Demonstration of RP Parametric Imaging with Deep-Kernel Noise Reduction

The RP parametric imaging derived from the OSEM reconstruction was considered the nondenoising reference. Different postreconstruction denoising methods, including the conventional kernel method (23), the 4-dimensional deep image prior (4D-DIP) method (26), and the deep-kernel denoising method, were compared for evaluation of the RP parametric Ki′ imaging. They are all learning-based methods based on single subjects and do not require population-based pretraining. The implementations of the conventional kernel and 4D-DIP methods are provided in the supplemental materials. Different approaches were compared using the trade-off of lesion contrast recovery (Ki′ value) versus the liver noise level calculated as the SD divided by the mean.

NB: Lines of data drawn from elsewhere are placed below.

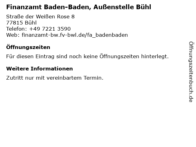 | Finanzamt Baden-Baden, Außenstelle Bühl anrufen | |
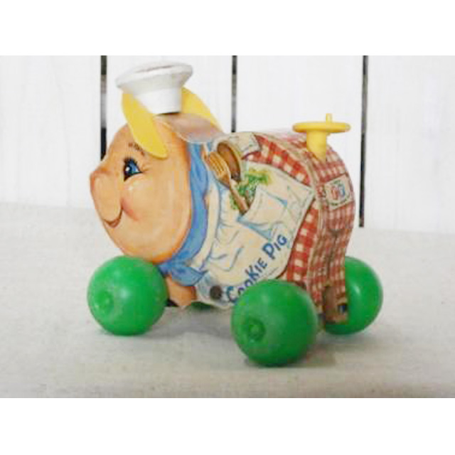 1965年フィッシャープライス社製、Cookie Pig、 タイヤを動かすとカチカチと音が鳴り、尻尾がクルクルまわります。多少のはがれなどもあり、オリジナルの紐はありません。
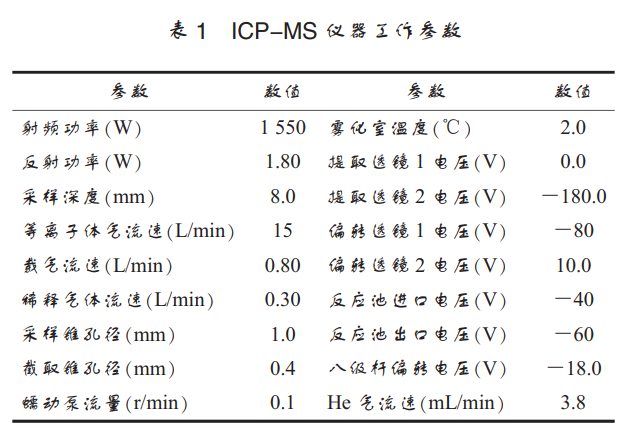 甲醇 (色譜純, Merck), 磷酸氫二銨、 磷酸二氫銨、 碳酸銨、 硝酸銨、 磷酸 (GR 級, 廣州化學試劑廠), 三氟乙酸 (TFA, 純 度≥95.0%, ACS), 硝酸 (68%~70%, GR 級, 廣州化學試劑廠), 實驗室用水為 Milli-Q 高純水。 砷 標 準 溶 液 : As ( V) (GBW08667) 、 As ( III) (GBW08666) 、 MMA ( GBW08668) 、 DMA (GBW08669) 以及 As 單標準儲備液 (1 000 mg/L) 均購于國家標準物質中心, ASA (99.99%) 購買 于阿拉丁試劑有限公司。 5 種 As 形態混合標準儲 備液: 用純水將 As (III)、 As (V)、 MMA、 DMA 4 種 As 形態稀釋成質量濃度均為 400 mg/L (以 As 計) 的標準儲備液, 用甲醇將 ASA 溶解成質量濃 度 為 400 mg/L (以 As 計) 的 標 準 儲 備 液, 置 于 4℃冰箱中避光保存。 砷標準工作液和混合標準工 作液現用現配。 實驗用的稻米和水稻植株樣品來源于添加 ASA 的盆栽實驗。
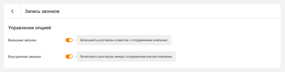 Вы можете временно отключить запись звонков, если это требуется для особенного случая. Обратите внимание, что выключение записи в этом разделе не останавливает тарификацию, а позволяет лишь на время выключить её. Если вы хотите отключить запись насовсем, отключите её в разделе «Тариф».
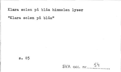//// Klara solen på "blåa himmelen lyser "Klara solen på blåa" //// s. 85 //// SVA acc. nr... ////
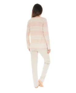 Une rayure imaginée dans un ton trÚs doux, un beige naturel mixé à un rose tendre.
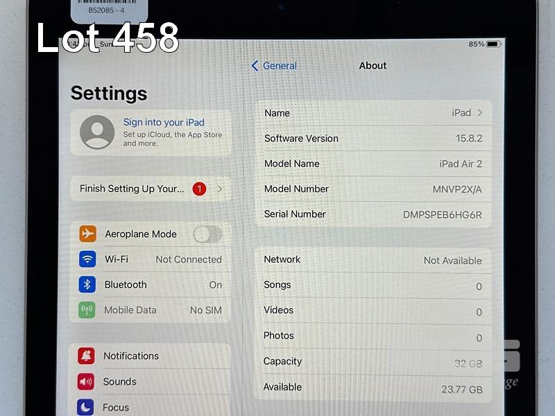 APPLE iPAD AIR 2, 32GB, Wi-Fi, CELLULAR, SPACE GREY, MODEL MNVP2X/A, A1567 (NO CABLE, NO CHARGER) S/N:DMPSP3B6HG6R

To understand how denoising methods affect the lesion ROI quantification accuracy of RP Ki′, we calculated the percentage difference in Ki′ between each denoising method and the nondenoising OSEM reference (ΔKi′ = (ROIdenoised − ROIref)/ROIref) for all lesions.

With the deep-kernel noise-reduction approach, we then verified the total-body global-scaling relationship between the RP slope Ki′ image and the standard Patlak slope Ki image, as well as the equivalence between the RP intercept b′ and the SUVr at t* using the scatter plots of all image voxels between the 2 methods. Linear regression was used to evaluate the correlation.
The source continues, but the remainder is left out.